ACTION ITEM = Give back the lines below verbatim, omitting all pictures.

THE RECORDS =
Start of Block

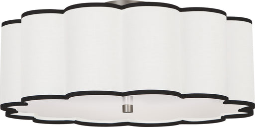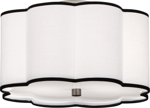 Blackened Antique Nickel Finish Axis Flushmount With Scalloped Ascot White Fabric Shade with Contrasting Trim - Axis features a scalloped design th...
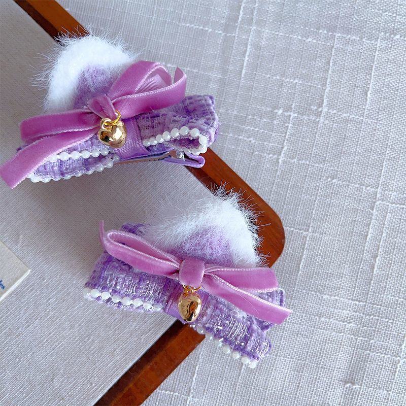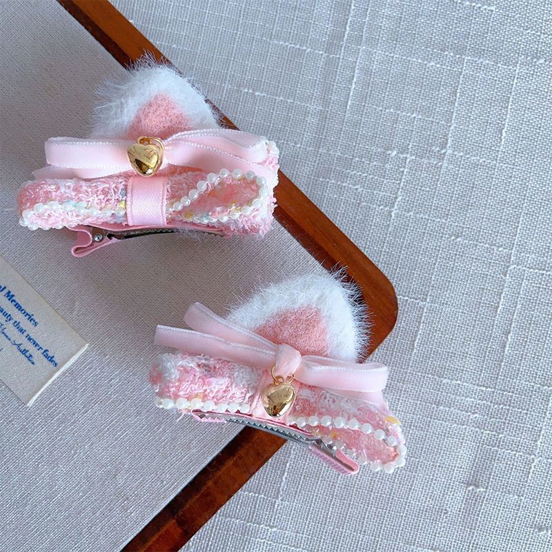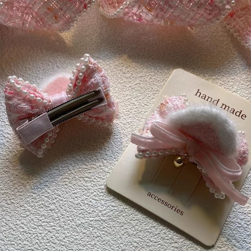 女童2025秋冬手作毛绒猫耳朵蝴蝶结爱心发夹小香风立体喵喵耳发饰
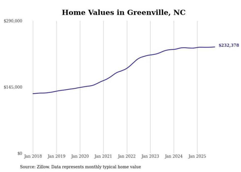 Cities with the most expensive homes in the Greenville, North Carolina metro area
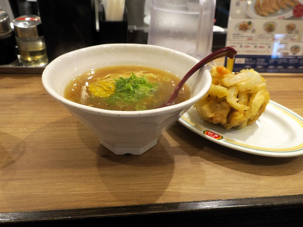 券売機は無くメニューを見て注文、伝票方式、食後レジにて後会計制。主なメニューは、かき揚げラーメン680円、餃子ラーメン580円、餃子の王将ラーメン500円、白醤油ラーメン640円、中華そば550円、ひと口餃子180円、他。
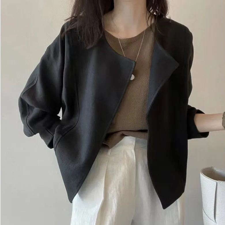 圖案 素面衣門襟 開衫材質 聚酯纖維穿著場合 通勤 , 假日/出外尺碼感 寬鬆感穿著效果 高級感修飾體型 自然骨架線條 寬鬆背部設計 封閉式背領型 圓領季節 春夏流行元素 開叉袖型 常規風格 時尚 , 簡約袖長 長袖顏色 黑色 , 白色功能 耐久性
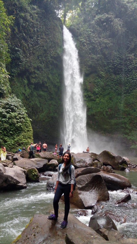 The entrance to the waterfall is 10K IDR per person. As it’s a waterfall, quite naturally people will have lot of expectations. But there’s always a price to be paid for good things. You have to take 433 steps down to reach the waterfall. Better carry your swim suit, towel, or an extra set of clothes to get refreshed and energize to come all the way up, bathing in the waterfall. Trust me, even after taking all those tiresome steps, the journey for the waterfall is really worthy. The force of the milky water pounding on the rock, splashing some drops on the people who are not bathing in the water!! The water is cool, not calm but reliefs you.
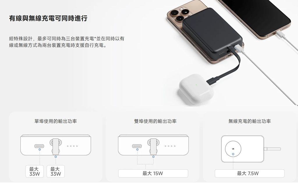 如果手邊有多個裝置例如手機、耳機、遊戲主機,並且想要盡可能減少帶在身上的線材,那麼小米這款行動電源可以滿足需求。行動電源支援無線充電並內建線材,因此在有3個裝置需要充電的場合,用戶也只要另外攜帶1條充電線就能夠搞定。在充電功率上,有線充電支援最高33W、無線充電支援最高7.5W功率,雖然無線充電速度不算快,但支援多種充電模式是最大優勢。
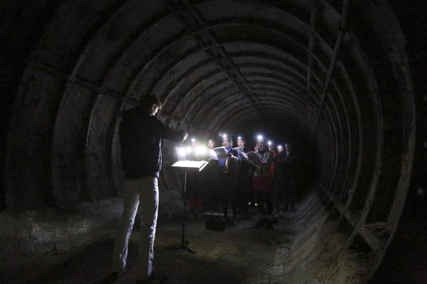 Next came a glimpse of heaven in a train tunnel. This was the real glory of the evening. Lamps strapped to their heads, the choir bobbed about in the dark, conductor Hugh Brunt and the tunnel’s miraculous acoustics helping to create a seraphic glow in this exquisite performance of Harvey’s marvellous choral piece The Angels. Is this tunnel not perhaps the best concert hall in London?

End of Block

ANSWER TO THE EXERCISE =
 Blackened Antique Nickel Finish Axis Flushmount With Scalloped Ascot White Fabric Shade with Contrasting Trim - Axis features a scalloped design th...
 女童2025秋冬手作毛绒猫耳朵蝴蝶结爱心发夹小香风立体喵喵耳发饰
 Cities with the most expensive homes in the Greenville, North Carolina metro area
 券売機は無くメニューを見て注文、伝票方式、食後レジにて後会計制。主なメニューは、かき揚げラーメン680円、餃子ラーメン580円、餃子の王将ラーメン500円、白醤油ラーメン640円、中華そば550円、ひと口餃子180円、他。
 圖案 素面衣門襟 開衫材質 聚酯纖維穿著場合 通勤 , 假日/出外尺碼感 寬鬆感穿著效果 高級感修飾體型 自然骨架線條 寬鬆背部設計 封閉式背領型 圓領季節 春夏流行元素 開叉袖型 常規風格 時尚 , 簡約袖長 長袖顏色 黑色 , 白色功能 耐久性
 The entrance to the waterfall is 10K IDR per person. As it’s a waterfall, quite naturally people will have lot of expectations. But there’s always a price to be paid for good things. You have to take 433 steps down to reach the waterfall. Better carry your swim suit, towel, or an extra set of clothes to get refreshed and energize to come all the way up, bathing in the waterfall. Trust me, even after taking all those tiresome steps, the journey for the waterfall is really worthy. The force of the milky water pounding on the rock, splashing some drops on the people who are not bathing in the water!! The water is cool, not calm but reliefs you.
 如果手邊有多個裝置例如手機、耳機、遊戲主機,並且想要盡可能減少帶在身上的線材,那麼小米這款行動電源可以滿足需求。行動電源支援無線充電並內建線材,因此在有3個裝置需要充電的場合,用戶也只要另外攜帶1條充電線就能夠搞定。在充電功率上,有線充電支援最高33W、無線充電支援最高7.5W功率,雖然無線充電速度不算快,但支援多種充電模式是最大優勢。
 Next came a glimpse of heaven in a train tunnel. This was the real glory of the evening. Lamps strapped to their heads, the choir bobbed about in the dark, conductor Hugh Brunt and the tunnel’s miraculous acoustics helping to create a seraphic glow in this exquisite performance of Harvey’s marvellous choral piece The Angels. Is this tunnel not perhaps the best concert hall in London?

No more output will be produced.